> **The data**
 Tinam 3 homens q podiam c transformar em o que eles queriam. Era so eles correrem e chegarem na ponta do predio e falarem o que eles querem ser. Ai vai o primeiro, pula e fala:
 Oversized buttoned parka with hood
---
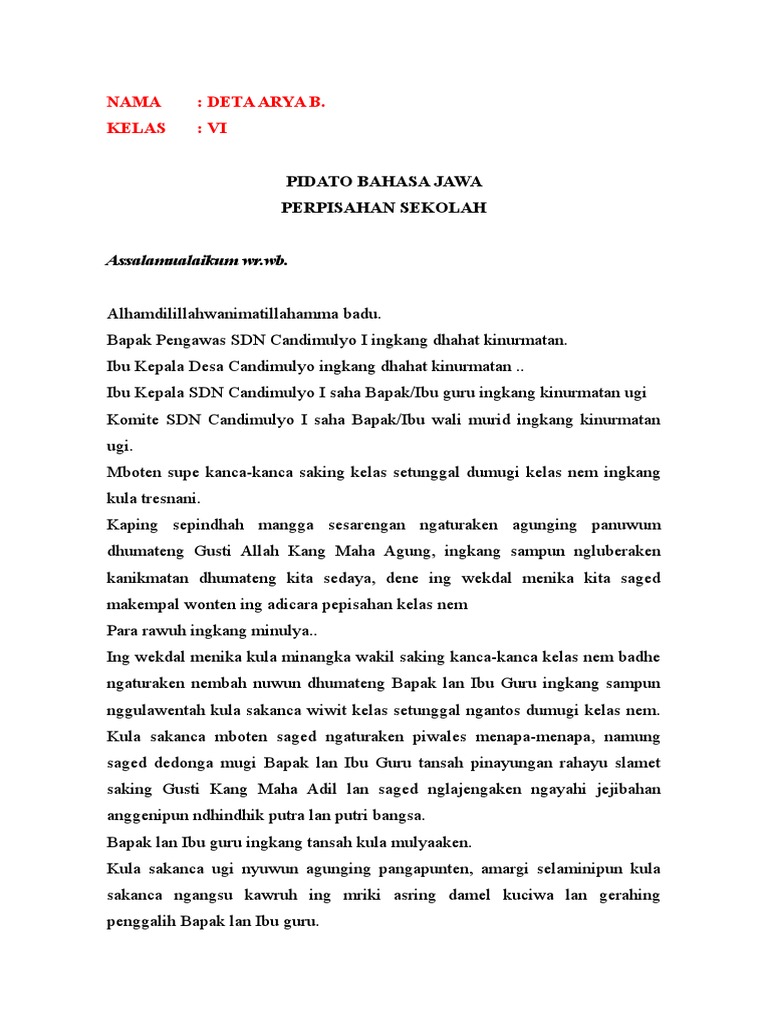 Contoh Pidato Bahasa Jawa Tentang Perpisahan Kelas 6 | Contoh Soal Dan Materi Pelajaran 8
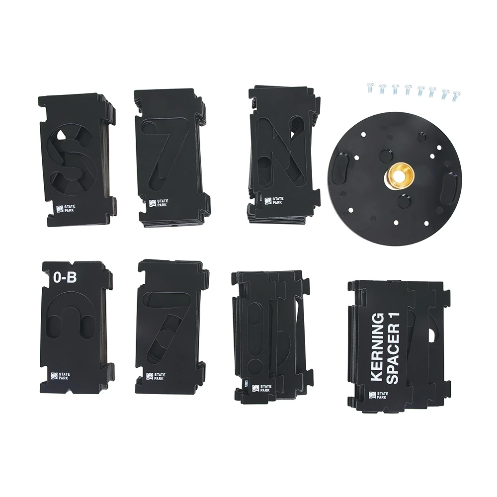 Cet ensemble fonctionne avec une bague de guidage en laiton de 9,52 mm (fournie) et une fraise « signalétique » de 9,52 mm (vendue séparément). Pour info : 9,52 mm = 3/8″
* * *
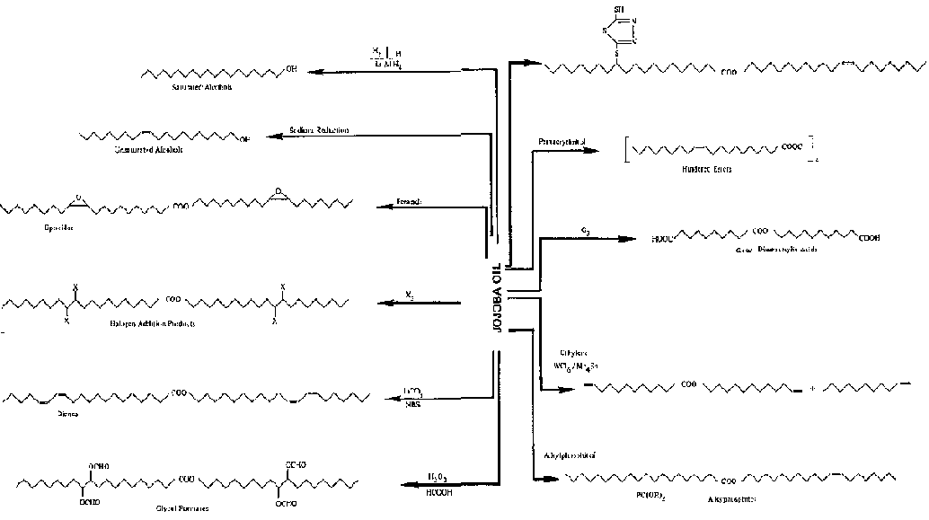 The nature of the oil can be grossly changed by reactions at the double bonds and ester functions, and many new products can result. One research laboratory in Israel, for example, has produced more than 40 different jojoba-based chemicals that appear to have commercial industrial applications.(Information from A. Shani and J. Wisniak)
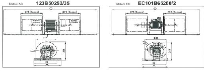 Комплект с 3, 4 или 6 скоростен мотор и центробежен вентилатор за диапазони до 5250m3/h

> **Task statement**
Of the entries above, repeat exactly the lines from the line with "Tinam 3 homens" through the line with "Oversized buttoned parka with hood", both of them included.

> **Solution to this problem**
 Tinam 3 homens q podiam c transformar em o que eles queriam. Era so eles correrem e chegarem na ponta do predio e falarem o que eles querem ser. Ai vai o primeiro, pula e fala:
 Oversized buttoned parka with hood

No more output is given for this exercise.